MHCflurry: open-source class I MHC binding affinity prediction

Published: 03-09-2018| Version 2 | DOI: 10.17632/8pz43nvvxh.2
Timothy O'Donnell


Predicting the binding affinity of major histocompatibility complex I (MHC I) proteins and their peptide ligands is important for vaccine design. We introduce an open-source package for MHC I binding prediction, MHCflurry. The software implements allele-specific neural networks that use a novel architecture and peptide encoding scheme. When trained on affinity measurements, MHCflurry outperformed the standard predictors NetMHC 4.0 and NetMHCpan 3.0 overall and particularly on non-9-mer peptides in a benchmark of ligands identified by mass spectrometry. The released predictor, MHCflurry 1.2.0, uses mass spectrometry datasets for model selection and showed competitive accuracy with standard tools, including the recently released NetMHCpan 4.0, on a small benchmark of affinity measurements. MHCflurry’s prediction speed exceeded 7,000 predictions per second, 396 times faster than NetMHCpan 4.0. MHCflurry is freely available to use, retrain, or extend, includes Python library and command line interfaces, may be installed using package managers, and applies software development best practices.
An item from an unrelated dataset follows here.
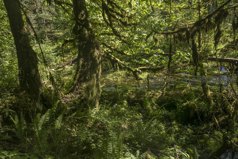古老雨林中,高大树木被浓密苔藓包裹,枝条低垂如帘幕,清澈小溪蜿蜒穿行于蕨类丛生的湿地之间,展现原始生态系统的丰饶与静美。

DEPOSITED DATA ---------------------- * Curated training and model selection dataset: data_curated.20180219.tar.bz2 , derived from IEDB and other sources * MS benchmark dataset: abelin_peptides.mhcflurry_no_mass_spec.csv.bz2 , derived from Abelin et al. Immunity 2017. * MHCflurry 1.2.0 models: models_class1.20180225.tar.bz2 * MHCflurry (no MS) models: models_class1_selected_no_mass_spec.20180225.tar.bz2 * MHCflurry (train-MS) models: models_class1_trained_with_mass_spec.20180228.tar.bz2 See also: UPDATES ---------------------- * Version 2: The abelin_peptides.all_predictions.csv.bz2 given in Version 1 corresponded to an earlier preprint of the MHCflurry paper, not the final version published in Cell Systems. This file has been replaced with abelin_peptides.mhcflurry_no_mass_spec.csv.bz2, which gives the predictions analyzed in the Cell Systems paper.